His chapter on the Sardinia and Abruzzi regional specialty of Casu Frazigu (or Casu Marzu) cheese, also known as “rotten cheese.” or “maggot cheese.” details the thousands of maggots consumed in the eating of this cheese. The sale of it is illegal, although its production persists and it is served at weddings and special occasions. Marcone describes his introduction to the cheese by noting that you can hear the clicking of maggots in the container from six metres away and smell it from several rooms away.

Historically, Marcone’s sources told him, the cheese was typically produced in May and aged where the elements could get at it. During this aging process, a specific fly called Piophila casei (not the kind flying around your house) deposited eggs in holes in the cheese, which, if it led to successful births, resulted in larvae squirming around and excreting all sorts of digestive enzymes throughout the cheese. The cheese comes out creamy, like Camembert, writes Marcone. Common houseflies would render the cheese inedible but these unique flies left behind maggots with a special chemical that created a highly prized cheese edible for a short time from late July to mid-August. As one can imagine, telling when the cheese had actually expired for human consumption would be difficult, hence the Italian government’s outlaw of its sale.

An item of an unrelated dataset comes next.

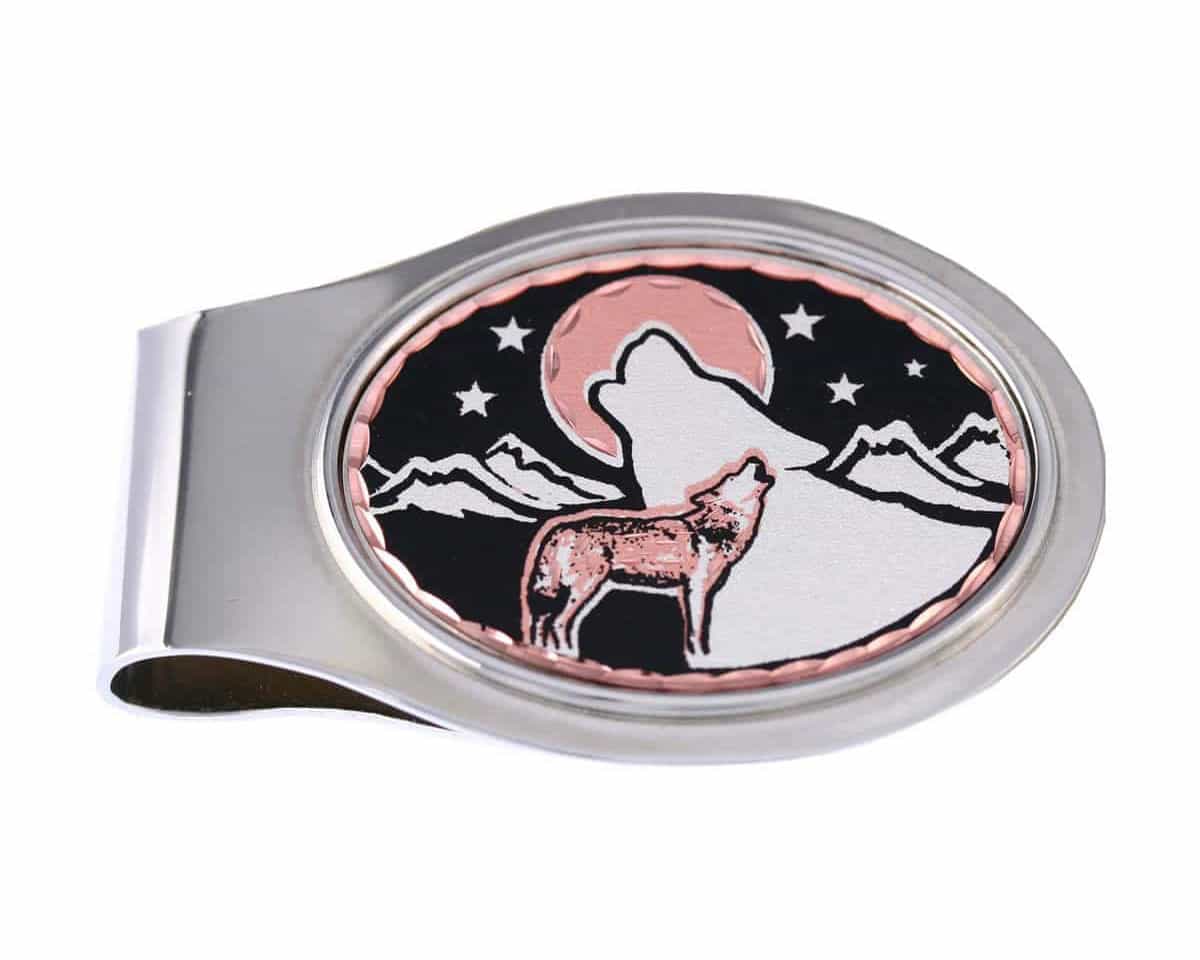 These unique oval money clips have silver plated and diamond cut copper artwork inlays in this gorgeous howling wolves and moon scene. Native Americans believe that the Wolf is a teacher and pathfinder to find new ideas and teach them to the tribe. He imparts a sense of family and loyalty. The Moon is the power ally which helps the wolf. The wolf is the voice of wilderness to access the subconscious that has the secrets of knowledge and wisdom.

While in Italy, Marcone worked with food scientists and researchers to test the safety of Casa Frazigu.

Complete counter-intuitive: the cheese was totally safe to eat and microbiological information painted a similar picture to other cheeses. Marcone’s research actually sparked a fervent push by the Sardinian press to have the Italian government overturn its laws against the cheese. 

What seems disgusting to one can certainly be a delicacy to another. Such is the complex and fascinating world of taste!